▶ _ACTIVITY_: Give the entries below again exactly. Their pictures are not needed.

====

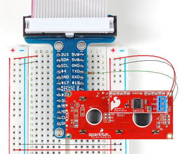 [ Shaun ] utiliza tablero de arranque Adafruit para conexiones de soldadura para los seis botones y la pantalla del LCD del carácter .
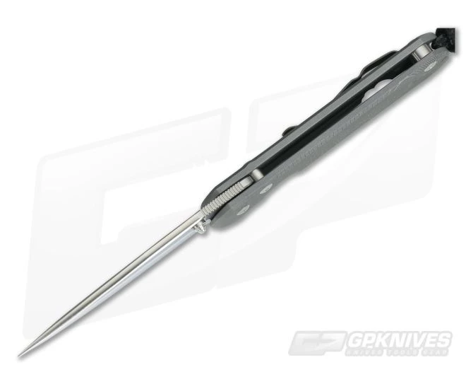 The Blade:Â Traditional drop point blade style composed of premium CPM-S35VN has been fully stonewashed. Â The stonewash finish is great for day to day use showing little wear. Â Single silver titanium thumb stud attached for right hand opening. Â Blade operates incredibly smoothly and is delivered absolutely razor sharp. Â
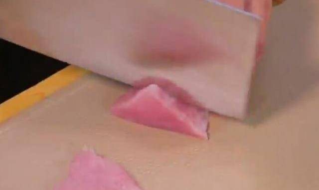 1、將豬裡脊肉改刀成厚片(5毫米左右),放入清水中用手抓洗、浸泡,目的是去除肉中的血水;
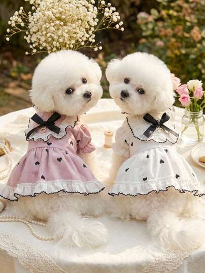 PETSIN 1件宠物服装,心形印花宠物公主风连衣裙,猫狗通用服装 - 彩色 - 查看 1
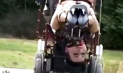tied upside down with open gams & mechanic Fucked
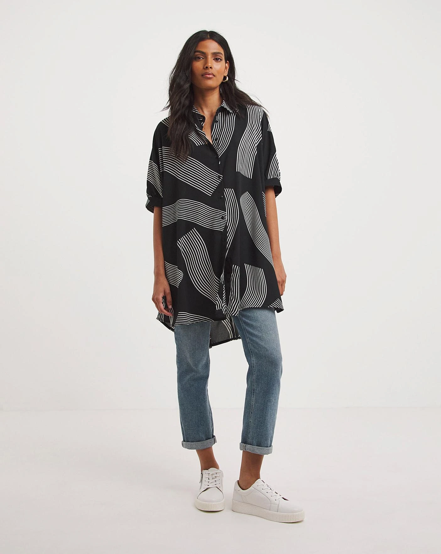 Our Oversized Blouses are a wardrobe staple and so easy to style. Perfect for any occasion, the oversized fit and gorgeous mono print will make you look and feel fabulous. Pair with jeans and boots in the day or dress up with heels for a glam evening look!
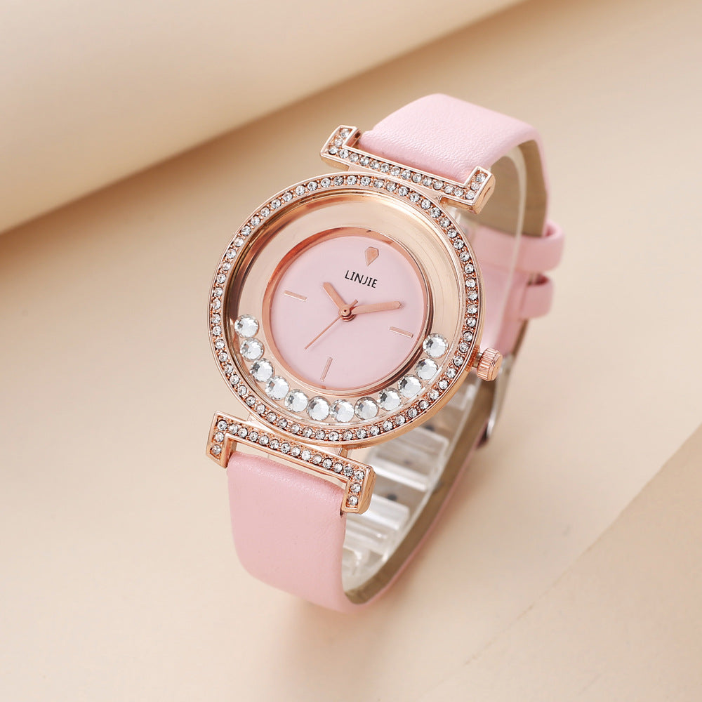 This stylish fashion watch set features a durable zinc alloy case and precise Pearl quartz movement. The ordinary glass mirror ensures clear visibility, while the set comes in two elegant color options: pink and steel. Perfect as a gift, the package includes a watch, perfume, air cushion, and wallet, making it a complete accessory set for daily use or special occasions

====

▶ _REPLY_:
 [ Shaun ] utiliza tablero de arranque Adafruit para conexiones de soldadura para los seis botones y la pantalla del LCD del carácter .
 The Blade:Â Traditional drop point blade style composed of premium CPM-S35VN has been fully stonewashed. Â The stonewash finish is great for day to day use showing little wear. Â Single silver titanium thumb stud attached for right hand opening. Â Blade operates incredibly smoothly and is delivered absolutely razor sharp. Â
 1、將豬裡脊肉改刀成厚片(5毫米左右),放入清水中用手抓洗、浸泡,目的是去除肉中的血水;
 PETSIN 1件宠物服装,心形印花宠物公主风连衣裙,猫狗通用服装 - 彩色 - 查看 1
tied upside down with open gams & mechanic Fucked
 Our Oversized Blouses are a wardrobe staple and so easy to style. Perfect for any occasion, the oversized fit and gorgeous mono print will make you look and feel fabulous. Pair with jeans and boots in the day or dress up with heels for a glam evening look!
 This stylish fashion watch set features a durable zinc alloy case and precise Pearl quartz movement. The ordinary glass mirror ensures clear visibility, while the set comes in two elegant color options: pink and steel. Perfect as a gift, the package includes a watch, perfume, air cushion, and wallet, making it a complete accessory set for daily use or special occasions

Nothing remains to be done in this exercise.